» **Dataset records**
· · · · ·

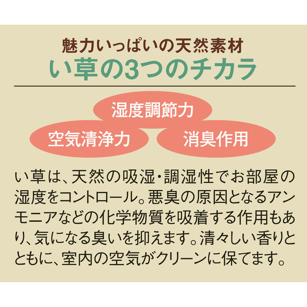 い草は非常に高い吸収性を備え、また乾燥時には水分を室内に放出する特性を持っています。湿度の変化に対応し、優れた湿度調整機能を発揮するので、一年中快適にご使用いただけます。【い草の機能2】●空気環境を整えてくれます。
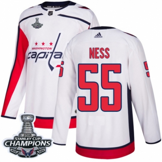 Men's Adidas Washington Capitals #55 Aaron Ness Authentic White Away 2018 Stanley Cup Final Champions NHL Jersey
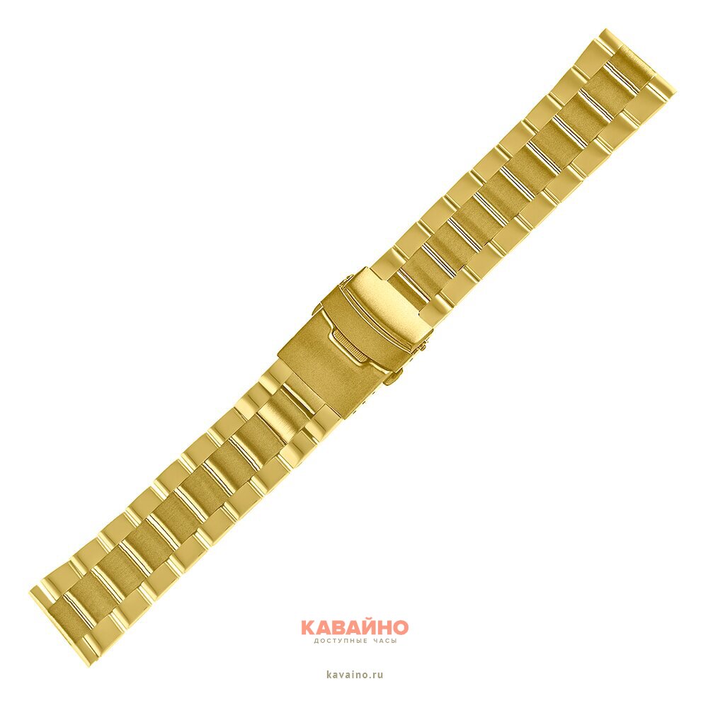 Ширина ремешка в 22 мм придаёт браслету внушительный и уверенный вид, а длина 185 мм позволяет комфортно носить его на запястье различной толщины. Золотистый цвет добавляет нотку элегантности и роскоши, что делает этот браслет не только аксессуаром, но и настоящим украшением вашего образа.
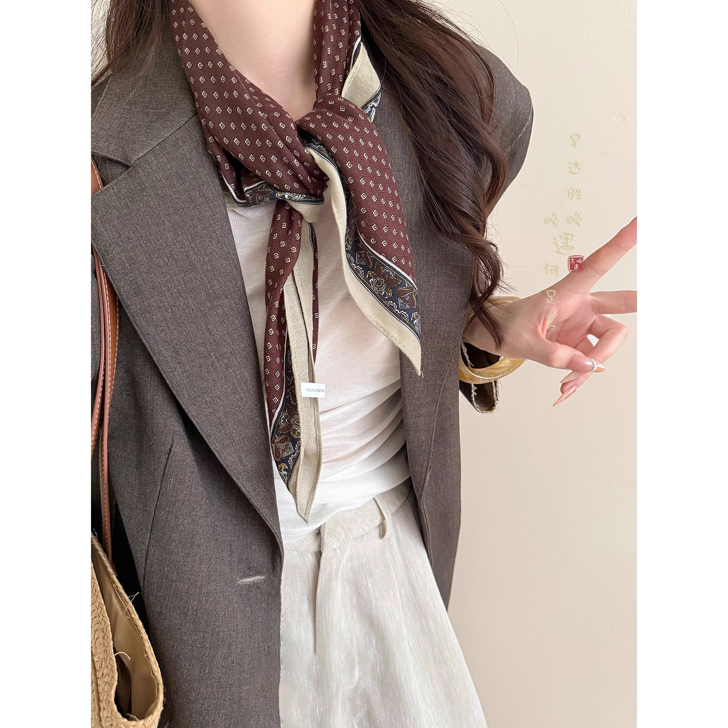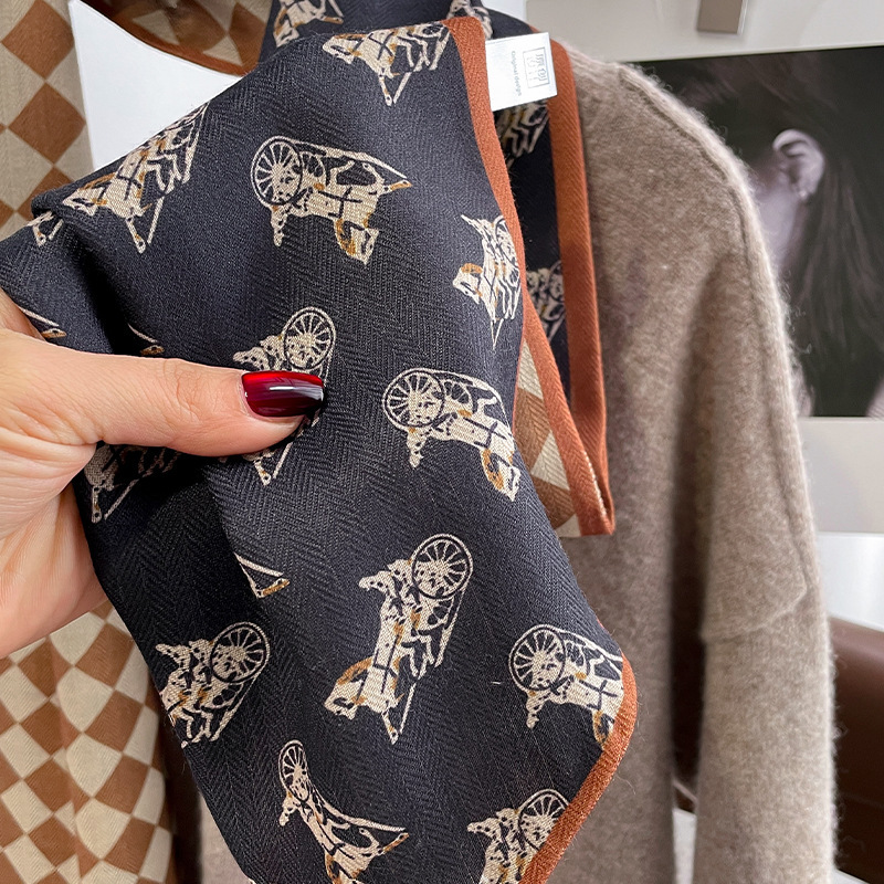 秋冬美拉德咖色丝巾女外搭复古秋季披肩方巾配饰新品轻奢高级颈饰
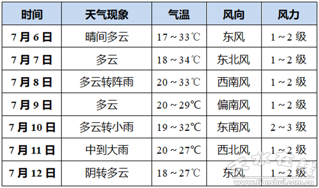 預(yù)計未來一周我市有兩次降水天氣過程,8日夜間陣雨,10~11日中到大雨,周內(nèi)氣溫起伏較大。
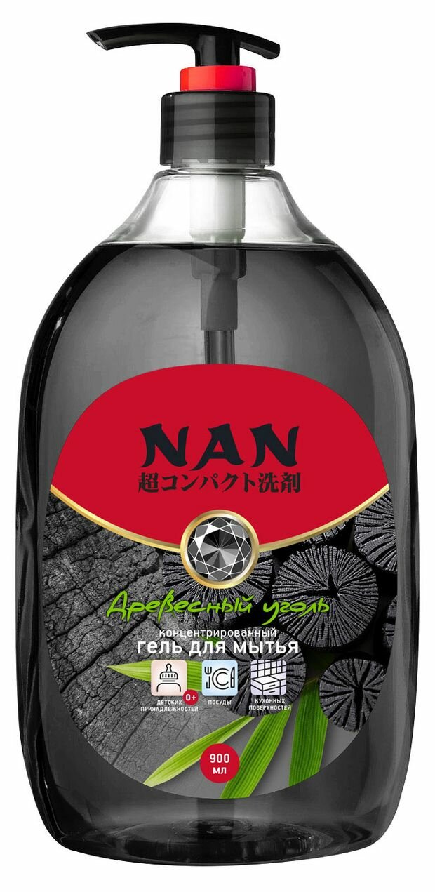 NAN Гель для мытья посуды Древесный Уголь с дозатором, 0.9 л интересное:
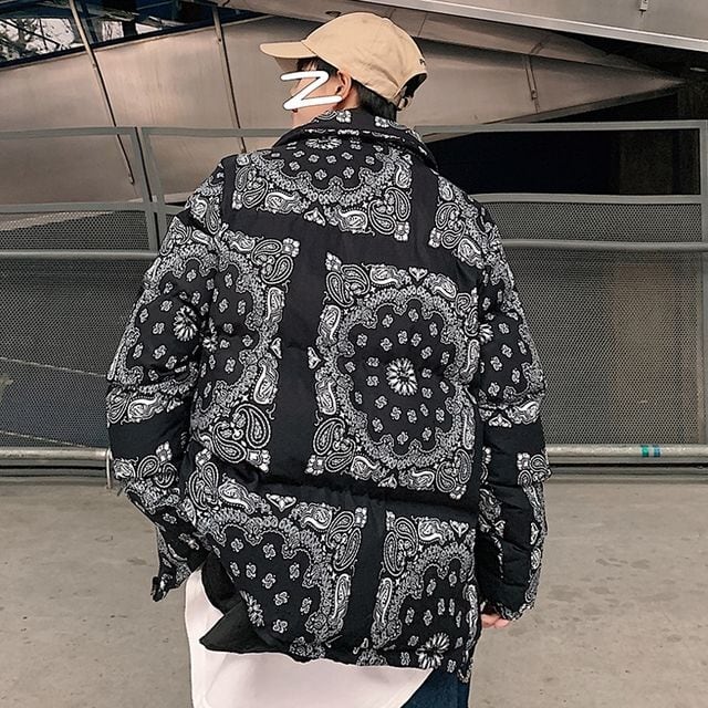 【予約販売】ペイズリー柄ダウンコート ジャケット メンズ バンダナ柄 厚手 アウトドア 中綿 防寒 お洒落 カジュアル 秋冬 暖かい 大きいサイズ M/L/XL/2XL/3XL/4XL/5XL
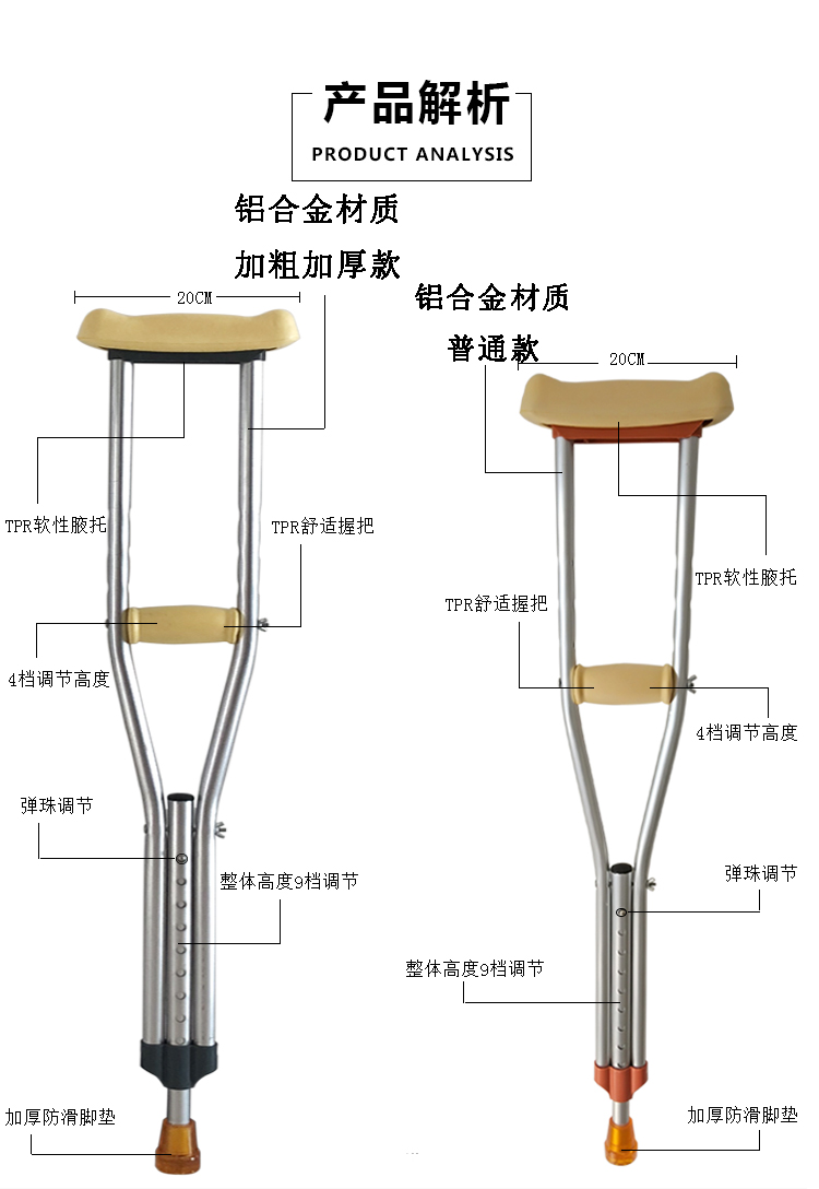 拐杖 分2款 :标准款  加粗加厚款 可以根据身高选择 也可以量下( 腋下到地面距离) 选择型号。
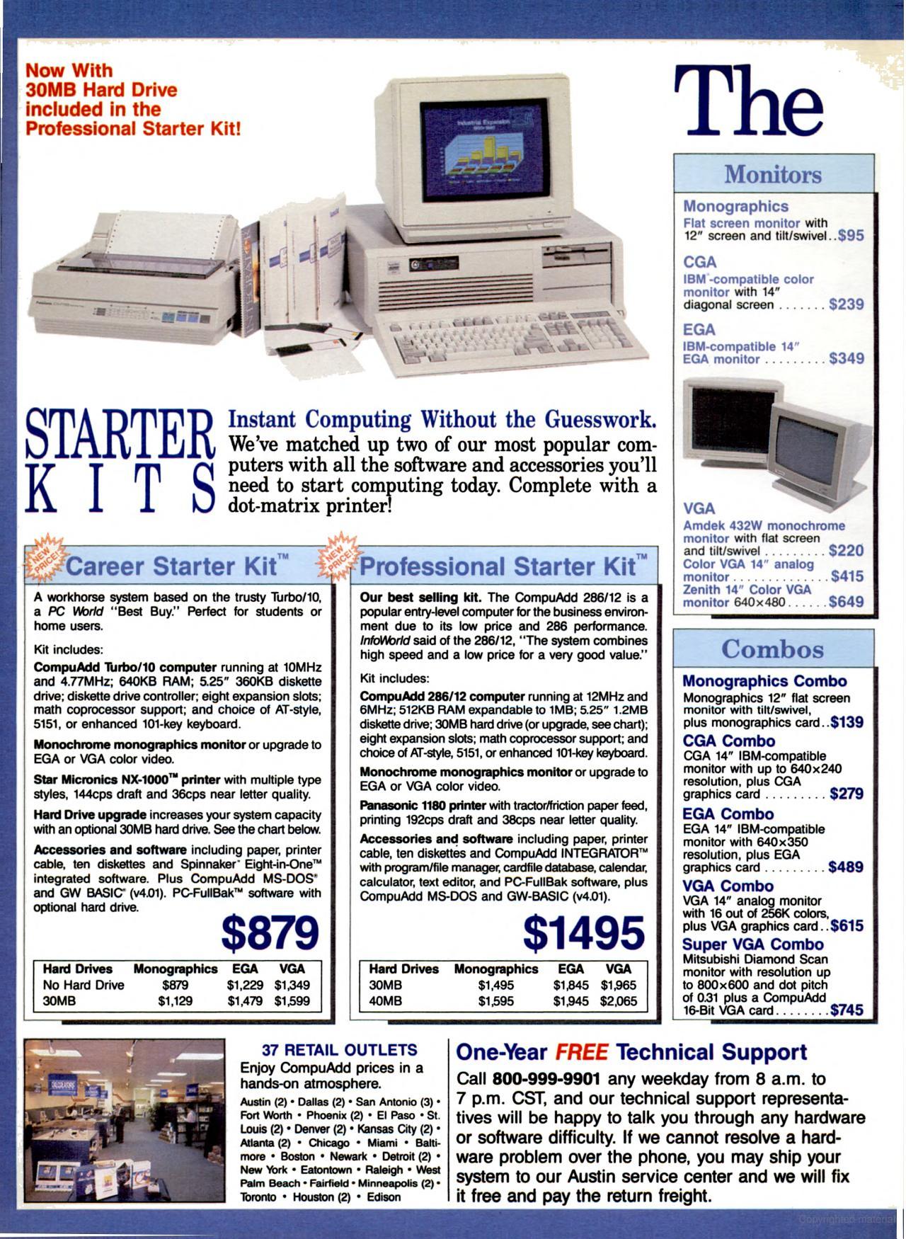 In 1988, CompuAdd opened its first retail stores. February 1988 saw the introduction of CompuAdd's new Standad 386/16 PC added to the range, at $1,795 without monitor.

· · · · ·

» **PROBLEM REQUIREMENTS**
Omit the pictures, then extract verbatim only those lines that fall between the line containing "預(yù)計未來一周我市有兩" and the final line of the records above, both included.

» **EXERCISE OUTPUT**
 預(yù)計未來一周我市有兩次降水天氣過程,8日夜間陣雨,10~11日中到大雨,周內(nèi)氣溫起伏較大。
 NAN Гель для мытья посуды Древесный Уголь с дозатором, 0.9 л интересное:
 【予約販売】ペイズリー柄ダウンコート ジャケット メンズ バンダナ柄 厚手 アウトドア 中綿 防寒 お洒落 カジュアル 秋冬 暖かい 大きいサイズ M/L/XL/2XL/3XL/4XL/5XL
 拐杖 分2款 :标准款  加粗加厚款 可以根据身高选择 也可以量下( 腋下到地面距离) 选择型号。
 In 1988, CompuAdd opened its first retail stores. February 1988 saw the introduction of CompuAdd's new Standad 386/16 PC added to the range, at $1,795 without monitor.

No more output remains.